Le directeur national du Parti libéral du Canada (PLC), Azam Ishmael, a nié mardi toute irrégularité dans les procédures de nomination, malgré les conclusions contraires du rapporteur Johnston. «La seule chose qui me surprend un peu, c’est que cela a été organisé par le collège, puisqu’il s’agissait d’un événement politique partisan», a déclaré M. Ishmael.

M. Ishmael a assuré que les règles et procédures de nomination au PLC étaient généralement efficaces pour éliminer les tentatives d’ingérence.

M. Dong a également été interrogé sur une conversation qu’il a eue en 2021 avec un responsable consulaire chinois au sujet de la détention des Canadiens Michael Kovrig et Michael Spavor dans le contexte des relations sino-canadiennes.

Un résumé de renseignements déclassifiés et non prouvés suggère que M. Dong a déclaré au responsable chinois que si la Chine devait libérer les «deux Michael», les partis d’opposition y verraient la preuve qu’une approche canadienne dure à l’égard de la Chine fonctionnait.

M. Dong a dit qu’il ne se souvenait pas de la conversation et a affirmé que cette allégation particulière n’avait aucun sens.
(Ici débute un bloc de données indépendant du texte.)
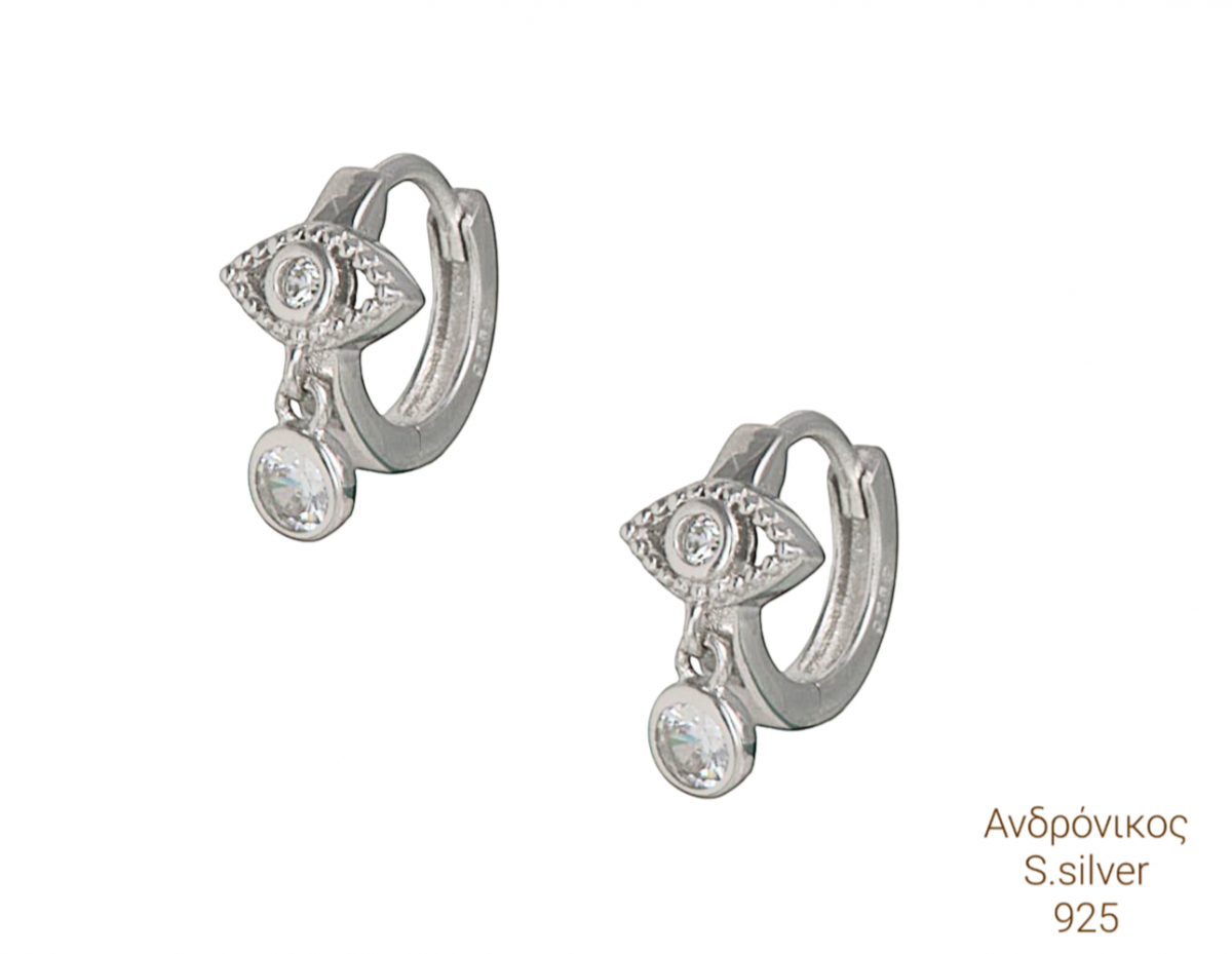 •  Κρικάκια ασημένια απο ασήμι 925 επιπλατινωμένα , με ματάκι , και κρεμαστό ζιργκόν σε καστόνι .

Dans son rapport final, M. Johnston concluait que M. Dong ne préconisait pas la détention prolongée des deux Canadiens.

L’ingérence étrangère n’était pas vraiment une priorité pour les partis lors des deux dernières élections, a appris la commission mardi.

Tous les partis se sont vu proposer des séances d’information par le Groupe de travail sur les menaces en matière de sécurité et de renseignements visant les élections, mais la plupart des représentants ont déclaré que les séances d’information contenaient peu d’informations sur les menaces spécifiques.

La commission d’enquête, dirigée par la juge québécoise Marie-Josée Hogue, s’attend à entendre les témoignages de plus de 40 personnes, dont des membres de la communauté, des représentants de partis politiques et des responsables des élections fédérales.

Le premier ministre Justin Trudeau, des ministres et divers hauts responsables du gouvernement devraient également témoigner aux audiences publiques, qui devraient se terminer le 10 avril. Un premier rapport sur les conclusions de la commission est attendu le 3 mai.

L’enquête de la commission Hogue s’orientera ensuite vers des questions politiques plus larges, en examinant la capacité du gouvernement à détecter, dissuader et contrer l’ingérence étrangère. Un rapport final est attendu d’ici la fin de l’année.

Note aux lecteurs: Dans le 1er para. d’une ancienne version de ce texte, il était écrit que la course à l’investiture était en 2021, mais elle était plutôt en 2019.